Summary & Overview
CPT 00868: Anesthesia for Renal Transplant Surgery
CPT code 00868 represents anesthesia services rendered for patients undergoing renal transplant surgery. This code is used to capture the anesthesia component of major organ transplantation procedures and is important for hospital and perioperative billing nationally because renal transplantation is a high-acuity, resource-intensive service with implications for perioperative staffing, anesthesia time tracking, and facility operating-room utilization. Key payers included in this analysis are Aetna, Blue Cross Blue Shield, Cigna Health, UnitedHealthcare, and Medicare. Readers will find a concise overview of the clinical context for renal transplant anesthesia, how 00868 maps to surgical service lines and typical sites of service, and the primary benchmarks and policy considerations that influence coverage and claims processing. The publication also outlines related anesthesia codes for lower abdominal and urinary tract procedures to help clinicians and billing teams identify adjacent code options. Intended for anesthesia providers, coding professionals, and health plan analysts, the content clarifies clinical scope, payer coverage landscape, and coding relationships relevant to renal transplant cases at a national level.
Billing Code Overview
CPT code 00868 describes anesthesia services provided for a patient undergoing a renal transplant. The service type is anesthesia for major organ transplant surgery, and the typical site of service is an operating room in an acute care hospital where renal transplant procedures are performed.
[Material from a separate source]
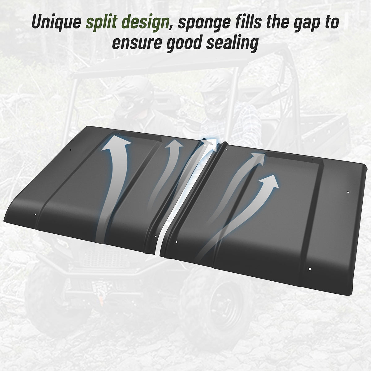 Q: What is the unique feature of the roof's design?A: The roof features a unique 2-piece combination design with sponge filling to ensure good sealing, which matches your vehicle perfectly while minimizing air resistance.

Clinical & Coding Specifications
Clinical Context
A 52-year-old patient with end-stage renal disease is scheduled for a deceased-donor renal transplant under general anesthesia. Preoperative evaluation documents hypertension, diabetes mellitus type 2, and a history of nephrolithiasis with prior ureteral stone (diagnosis codes such as N20.1 or N20.2 may appear in the chart). The anesthesia team performs a focused pre-anesthesia assessment, documents airway evaluation and ASA physical status, obtains informed consent for anesthesia, and formulates a plan including invasive monitoring (arterial line), large-bore IV access, and perioperative hemodynamic management to protect the renal allograft. Induction typically uses rapid-sequence techniques if aspiration risk is present; maintenance with volatile agent or total intravenous anesthesia and neuromuscular blockade as indicated. Intraoperative care includes fluid management, vasopressor titration, monitoring for reperfusion injury, and coordination with the surgical team during vascular anastomosis and ureteroneocystostomy. Postoperatively the patient is transferred to the post-anesthesia care unit (PACU) or intensive care unit for continued hemodynamic monitoring and pain control; the anesthesia record documents total anesthetic time, significant events, and handoff to recovery staff. This service corresponds to anesthesia for renal transplant surgery billed with 00868.